There are those who say that conflict sells newspapers.

So it’s good news for mediators when the Fourth Estate promotes more collaborative means of resolving disputes.

An editorial in today’s Asheville Citizen Times put in a plug for mediation when it urged the Asheville City Council and the Buncombe County Board of Commissioners to work together to resolve an ongoing battle over water management issues. As the editor explained,

“Going to court would mean tens of thousands of taxpayer dollars spent to resolve the dispute. It would mean a judge, rather than the elected officials whose job it is, deciding how the water distribution system will work. The matter could take months or years to resolve as appeals wind their way through the courts. In the meantime, a water system desperately in need of repairs would continue to deteriorate…Going to court would also undoubtedly strain amicable feelings among local leaders—further damaging regional cooperation for decades.

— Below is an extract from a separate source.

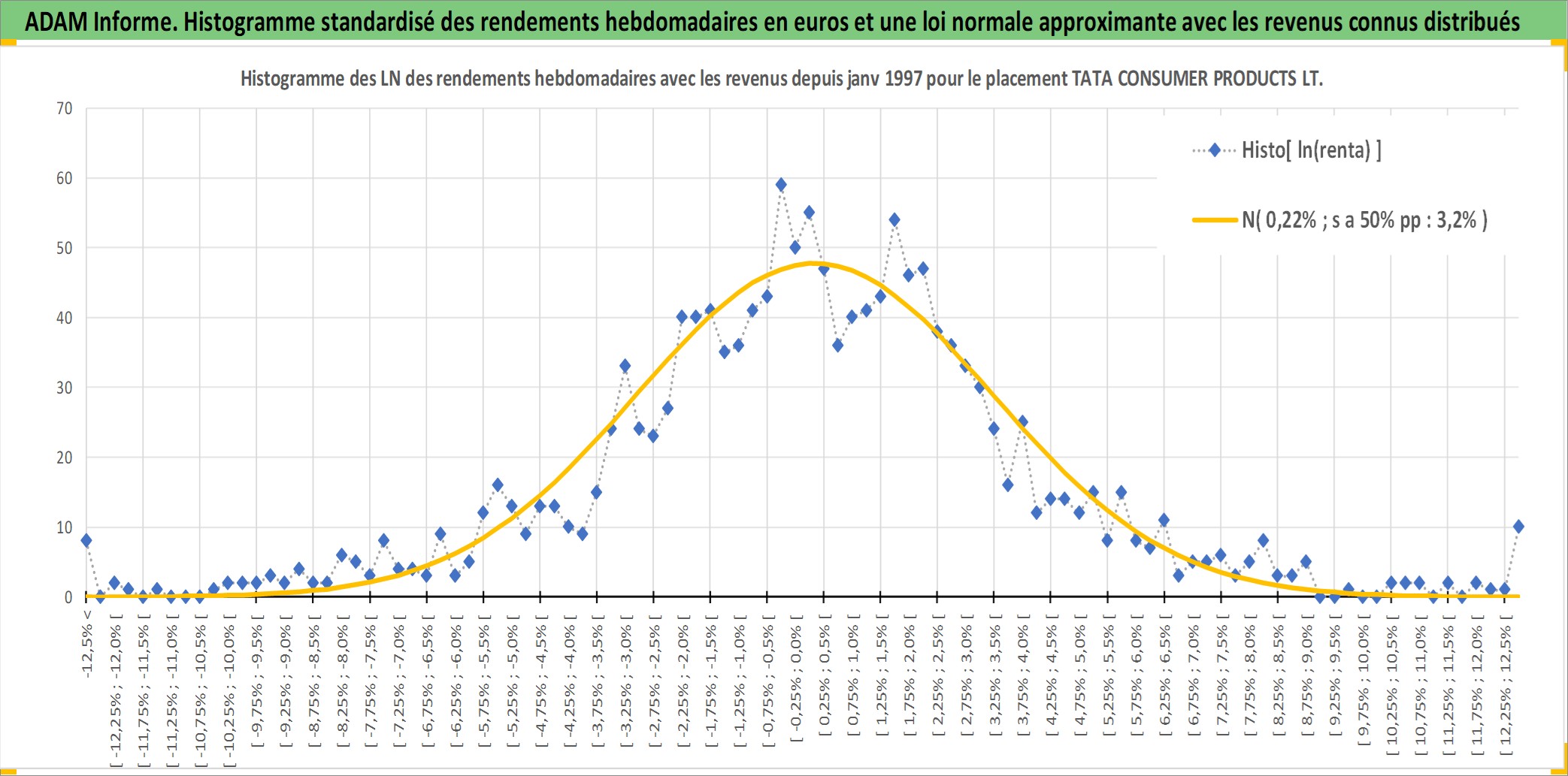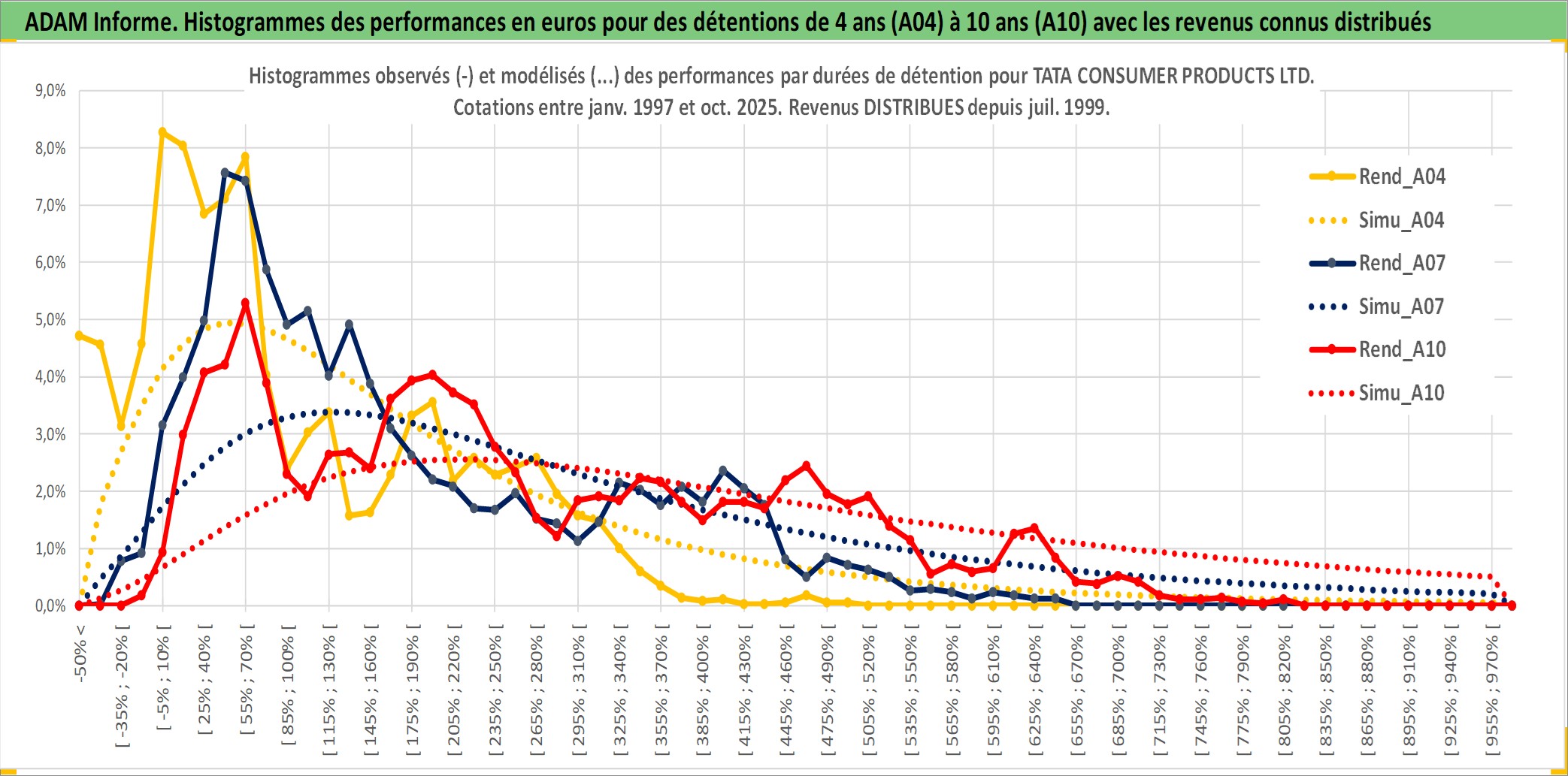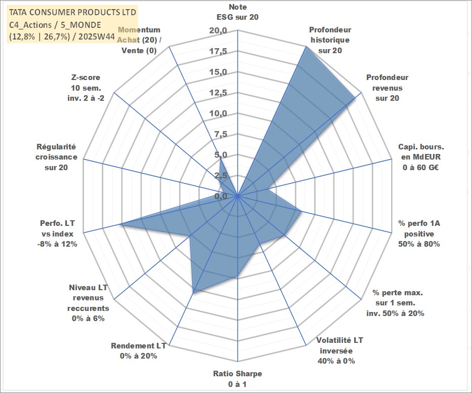 Site dédié aux investisseursPage dédiée sur site financeAnalyse des valorisations hebdomadaires de l'action TATA CONSUMER PRODUCTS LTD. Cet actif est cote en INR. Les valorisations sont en contrevaleur EURO et couvrent les semaines 1997W01 a 2025W44. Les revenus de cet actif financier sont pris en compte depuis la semaine 1999W29. La note ESG de cet actif n'est pas connue.

In other words, resolving the matter in court is clearly not an acceptable alternative. Mediation, however, is. Time is running out. What’s needed is an impartial, well-trained mediator who can help all sides find common ground and reach an outcome that best serves all constituencies.

Given an effective process, people of goodwill can resolve seemingly irreconcilable differences.”

This is one journalist who understands that while conflict may sell newspapers, it does nothing to solve problems. Mediation, on the other hand, certainly can.